Although this might at first seem less than useful, it turns out that it opens a whole new world of support from cstring in the form of pointer wielding functions. There are strchr and strstr, for instance, which search through a C-string for either a char or a [sub]C-string, respectively. Their result, however, is not the size_t position of the found data but rather a pointer to the found data. This lets them use nullptr as an indicator that something was not found rather than having to make up some bogus position constant like string::npos.
In addition, there is the [in]famous strtok function. It's use has been the stuff of legends. But you can master it by next semester for the mere price of a kidney and an eye! No?

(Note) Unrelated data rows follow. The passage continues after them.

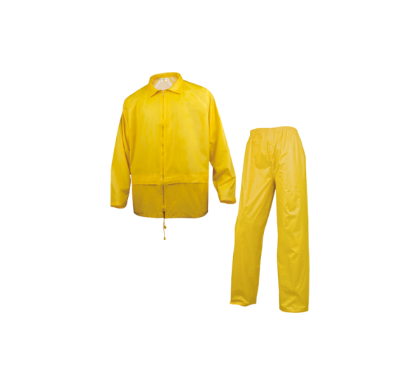 - JACKET: Fastening with zip under storm flap Fixed hood Raglan sleeves and adjustable cuffs with press-studs 2 x Pockets TROUSERS: Elasticated waist Adjustable bottom of legs with press-studs 2 x Hand slits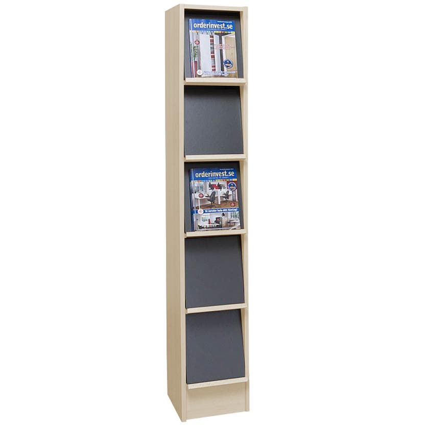 Tidskriftshylla Alvesta, med förvaringsmöjlighet, 5 fack, 292x400x1800 mm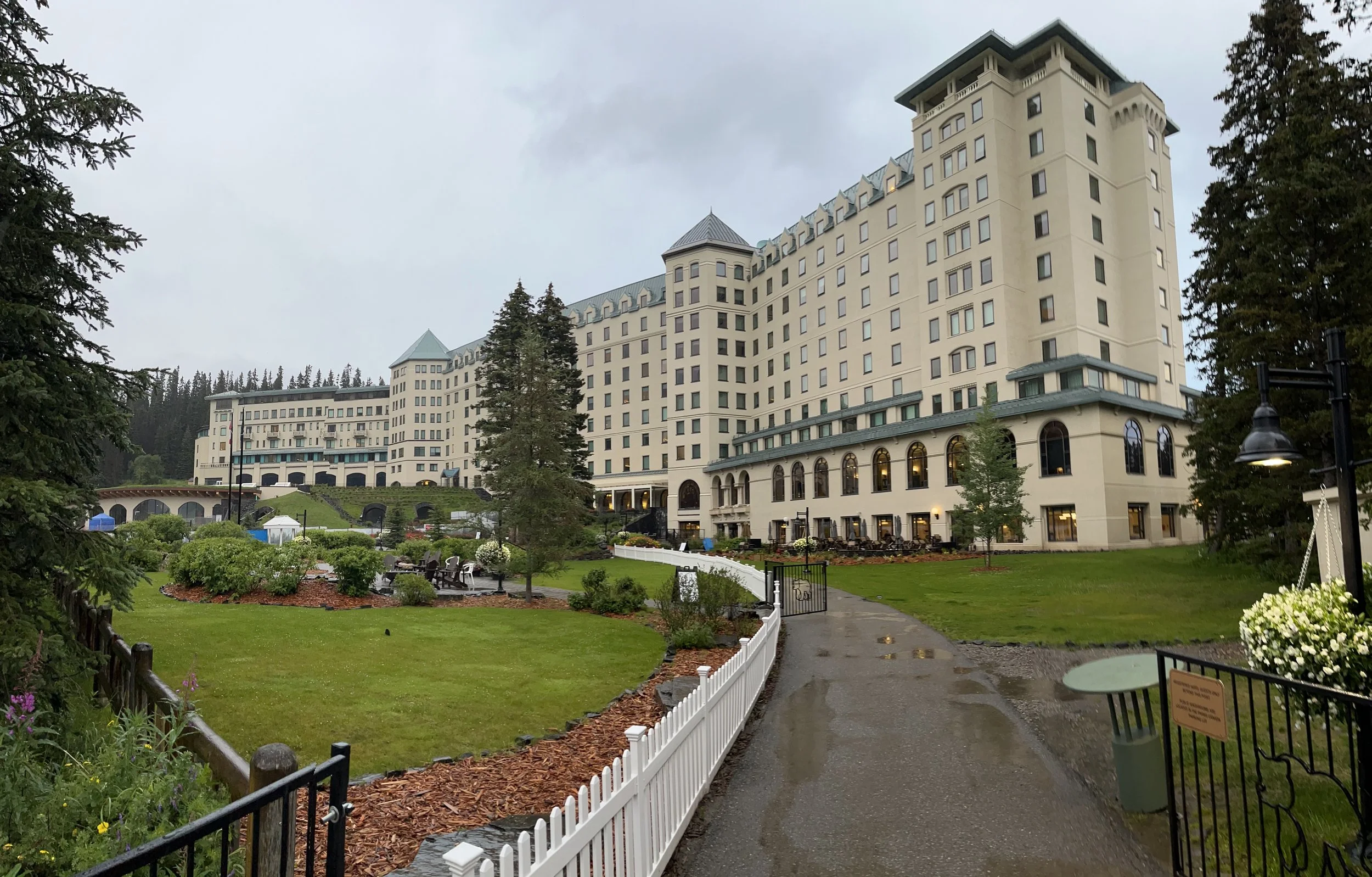Knowing that the parking lot at Lake Louise is small and often full by 7am, we departed our hotel in the city of Banff just after 5:30am. Positioned at an elevation of 1,600 meters, Lake Louise offers stunning views of Mount Victoria. The alpine lake isn’t especially large, measuring just two kilometers in length and 0.5 kilometers in width. In the indigenous language the lake is called Num-Nay which means “lake of little fishes.” Although an early European surveyor dubbed it Emerald Lake, the lake was formally named after the wife of the Governor-general of Alberta, Princess Louise. The lake’s water temperature never rises above 4°C while its surface remains frozen during winter months. It was raining so we visited a coffee shop on one end of the Chateau Lake Louise Hotel. Although most of the hotel isn’t open to the public, we were able to walk through part of the lobby.

Well, then just read about it in the man pages...
Finally, note that strcpy and strcat take pointers to their arguments so that code like this:
strcpy(dest + offsetA, src + offsetB);
becomes legal. Here we are copying part of a source string into another part of a destination string. Neat, eh?
And even in your own code it can prove useful. Look at this sleeker-than-ever end-of-string loop:
char * p = str; // where str is a C-string
while ( *p != '\0' )
{
// act on *p
++p;
}
Isn't that nice? No [] and no index variable...smooth!
since you can add a positive integer to a pointer, and the compiler isn't about to check the sign of that integer, we realize that we can also legitimately access the pointer with a negative integer added:
*(p - 4)
or:
p[-4]
hence that I've asked you to always verify that your indices were not too large and also not too small (many novices balk at the fact that you must check for a negative index — "what utter non-sense," they say)
also, due to the commutative nature of addition/subtraction, you will sometimes see the 'clever' programmer code strange things like:
i[arr]
after all, this is equivalent to:
*(i+arr) == *(arr+i) == arr[i]
and on many compilers this works fine for 1D arrays — beware!
since when a function receives a pointer argument it cannot know whether the pointer points to a single object or an array of objects, take care to document the precondition of where the pointer is assumed to point!